• _GIVEN INFORMATION_:
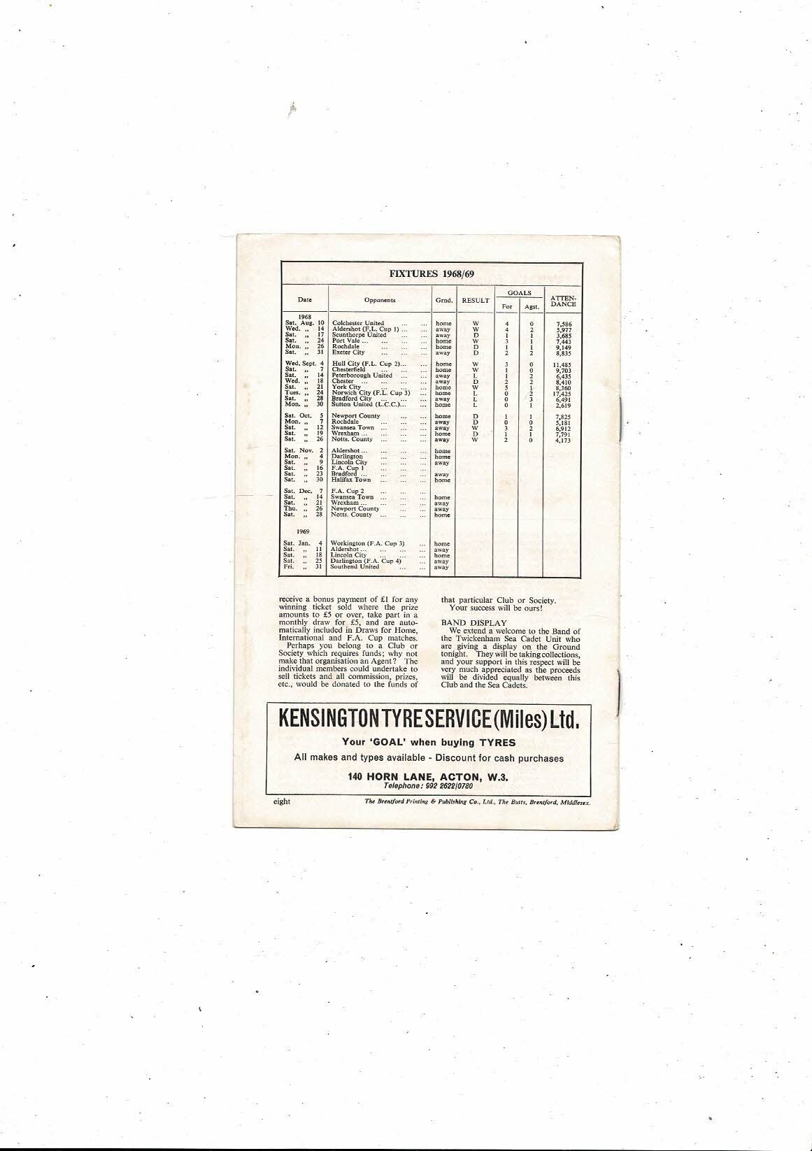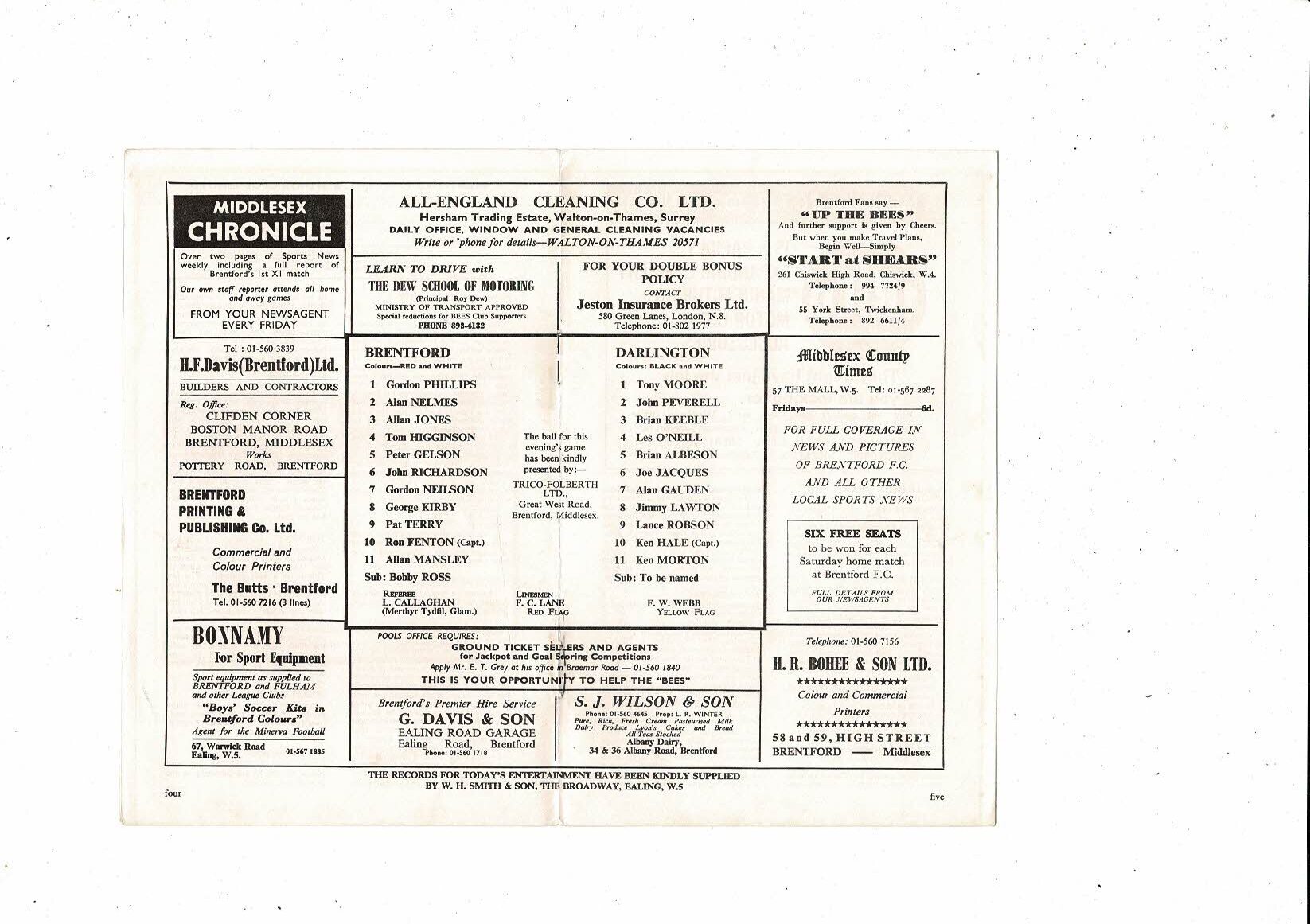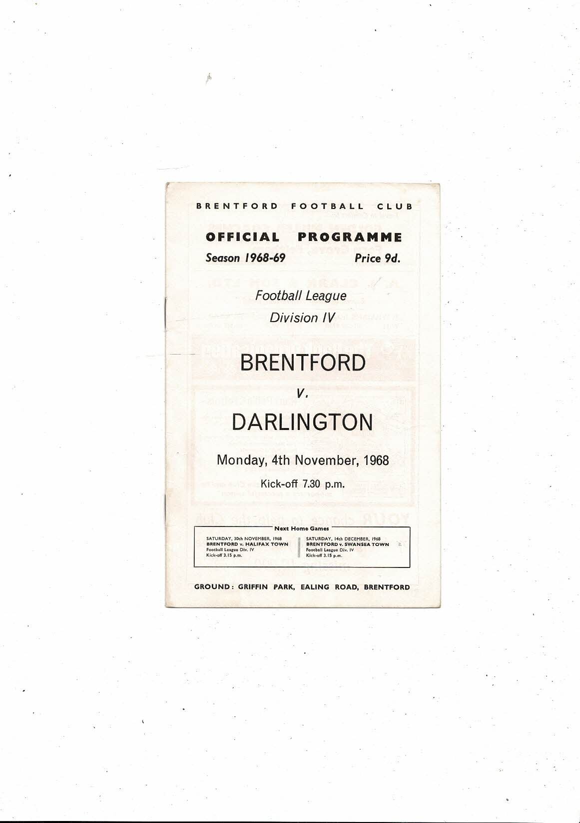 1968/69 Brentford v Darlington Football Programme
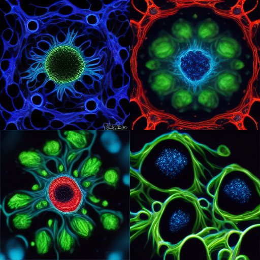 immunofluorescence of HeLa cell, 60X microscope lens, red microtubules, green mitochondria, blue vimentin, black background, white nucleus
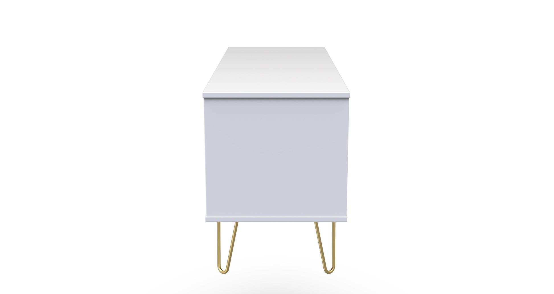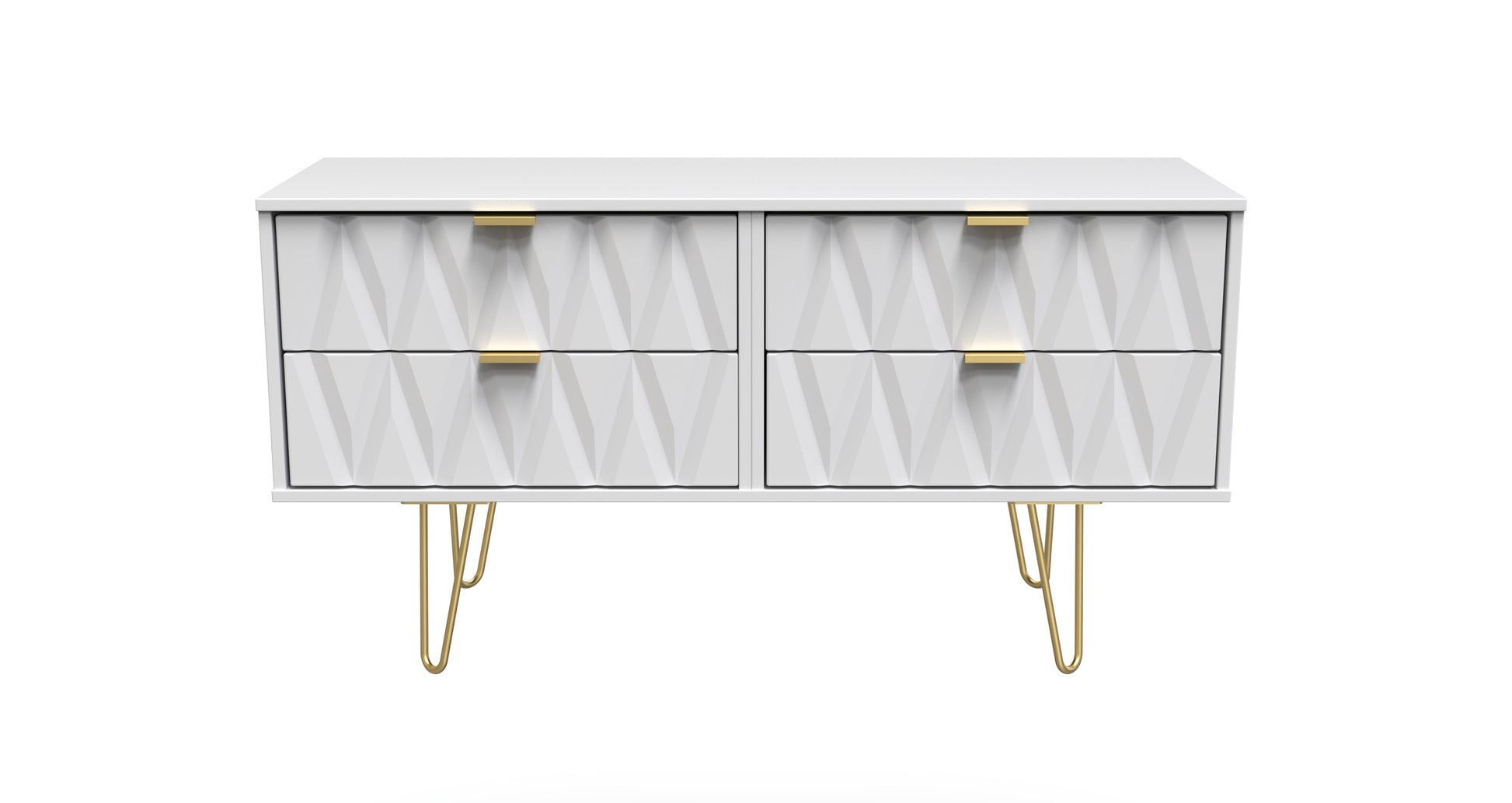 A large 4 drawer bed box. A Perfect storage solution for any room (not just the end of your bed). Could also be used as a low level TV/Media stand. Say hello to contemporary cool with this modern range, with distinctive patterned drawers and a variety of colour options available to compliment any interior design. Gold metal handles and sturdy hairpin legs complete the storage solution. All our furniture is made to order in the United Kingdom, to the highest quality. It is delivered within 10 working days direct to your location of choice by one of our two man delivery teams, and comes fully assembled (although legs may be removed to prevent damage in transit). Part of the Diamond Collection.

• _WORK REQUEST_: Each line of the data above must be reproduced as written. Skip the pictures.

• _ANSWER FOR THIS EXERCISE_:
 1968/69 Brentford v Darlington Football Programme
 immunofluorescence of HeLa cell, 60X microscope lens, red microtubules, green mitochondria, blue vimentin, black background, white nucleus
 A large 4 drawer bed box. A Perfect storage solution for any room (not just the end of your bed). Could also be used as a low level TV/Media stand. Say hello to contemporary cool with this modern range, with distinctive patterned drawers and a variety of colour options available to compliment any interior design. Gold metal handles and sturdy hairpin legs complete the storage solution. All our furniture is made to order in the United Kingdom, to the highest quality. It is delivered within 10 working days direct to your location of choice by one of our two man delivery teams, and comes fully assembled (although legs may be removed to prevent damage in transit). Part of the Diamond Collection.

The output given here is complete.